The *Camerail Club* newsletter confirms that the Omaha to Boone, IA excursion on the former C&NW sponsored as a fund raiser for the UP Museum will be on *Monday , 7/15/19.*
Ticket prices are not public yet. They will be high! As high as the Ogden-Evanston fundraiser trip? Unknown at the moment.
Hopefully, since the train leaves from Omaha more cars will be in the consist perhaps lowering the ticket prices some. Still speculative at this point.


----------



## Twin Star Rocket (May 21, 2019)

Announced today: UP steam excursion with Big Boy 4014 on *July 15th* one way from *Omaha to Boone IA.* (Bus return)
Public ticket sales begin on May 28th. Excursion benefits the *Union Pacific Railroad Museum* in Council Bluffs IA.
Ticket prices range from* $400 *(coach) to* $750*(premium dome).


----------



## Seaboard92 (May 21, 2019)

Link to information?


----------



## Twin Star Rocket (May 21, 2019)

Link:
https://www.uprrmuseum.org/news/2019-museum-special.shtml


----------



## Seaboard92 (May 21, 2019)

I might just go to that now that the president Carter train has been cancelled. Fingers crossed I win the ticket lottery.


----------



## Twin Star Rocket (May 25, 2019)

All dome seats are sold out. Just the lower sections of the dome cars are available. Ticket sales started yesterday (5/24) for patron-level members of the Union Pacific Railroad Museum. Sales to the general public open on 5/28.


----------



## Twin Star Rocket (Jul 19, 2019)

This trip was excellent!

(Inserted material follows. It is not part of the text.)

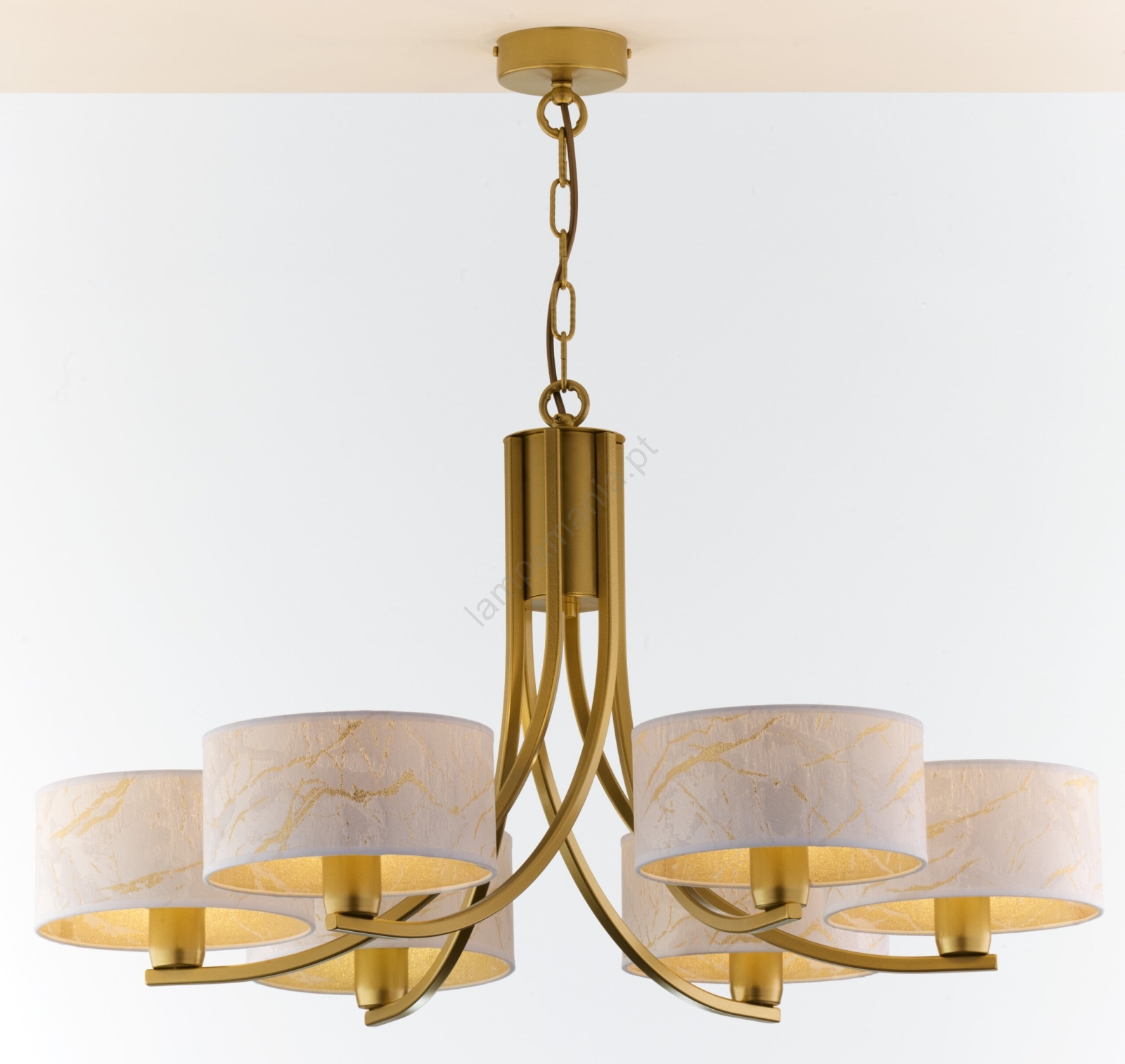 Jupiter 2098 - Lustre em corrente ARTHUR 6xE27/15W/230V branco/dourado/acabamento em mármore caracteriza-se por um design agradável e funcional.  Uma lâmpada com casquilho E27 é adequada para a iluminação Aqui, pode comprar outras lâmpadas a preços vantajosos. Terá um complemento interessante para a sua casa.
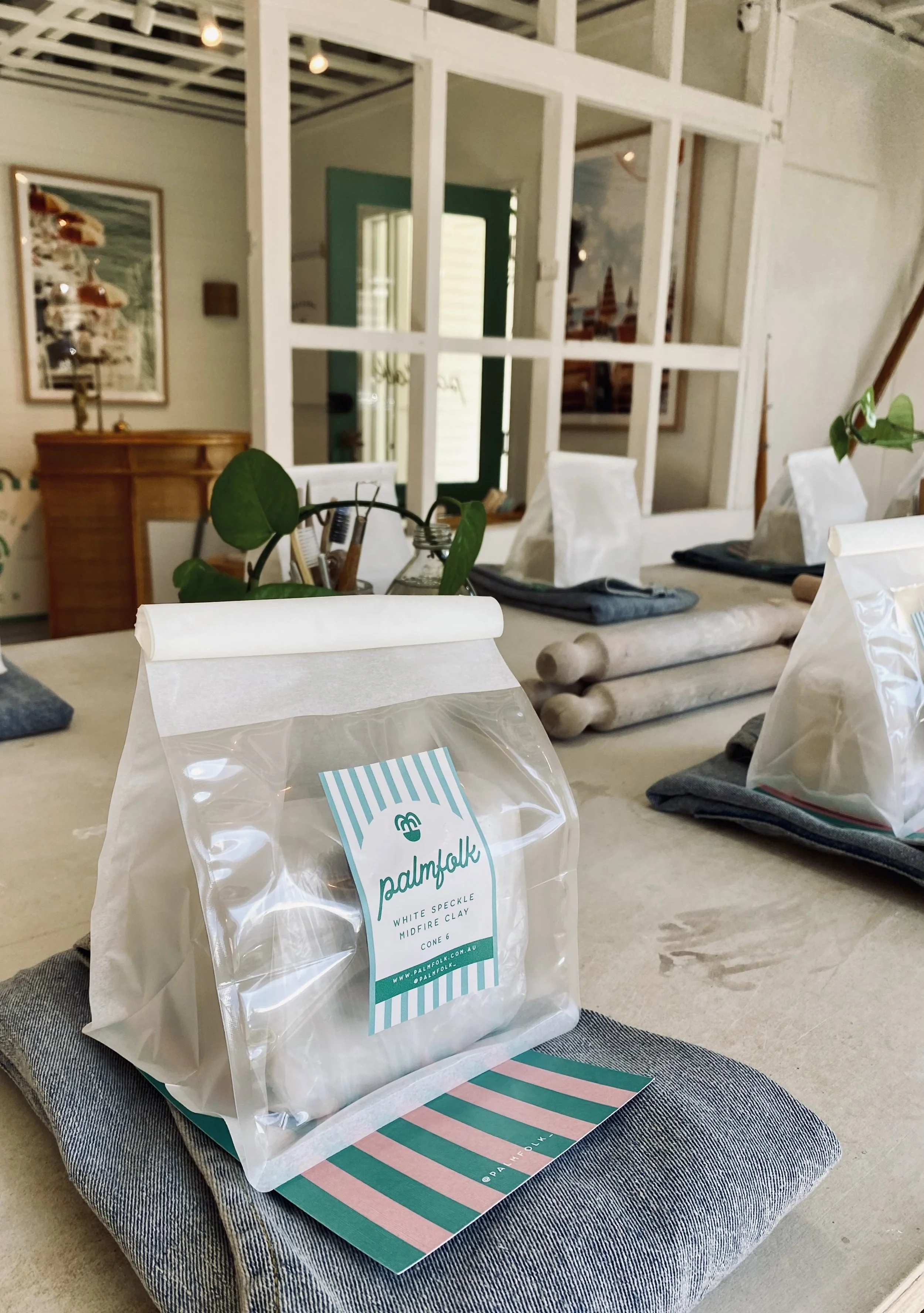 This is the ultimate Palmfolk clay and glaze creative experience. You will be given a piece of Australian earthenware clay and guided through the steps of making your very own piece of hand built pottery. Once your piece is made you will then have the opportunity to access our Glaze Bar should you wish to paint a design on your work with underglaze. Once your piece is complete it will remain here at the studio to be dried, glazed and double fired. Ready for collection in 5-6 weeks.

In Omaha there was Amtrak's eastbound CALIFORNIA ZEPHYR making a station call over by the Burlington depot and at the same time the Union Pacific excursion train preparing to leave behind Big Boy 4014 over by the Union Station (Durham Museum now).
The next public excursions will be out in the L.A. area on October 12-13:
http://www.railgiants.org/Big-Boy-Excursion-Info.php


----------



## Agent (Aug 2, 2019)

I got to see this train as it crossed the Des Moines River valley on the Kate Shelley High Bridge just west of Boone.


----------



## DesertRat (Oct 9, 2019)

Twin Star Rocket said:


> This trip was excellent! In Omaha there was Amtrak's eastbound CALIFORNIA ZEPHYR making a station call over by the Burlington depot and at the same time the Union Pacific excursion train preparing to leave behind Big Boy 4014 over by the Union Station (Durham Museum now).
> The next public excursions will be out in the L.A. area on October 12-13:
> http://www.railgiants.org/Big-Boy-Excursion-Info.php



I'm gonna see it on 12 Oct in Barstow!


----------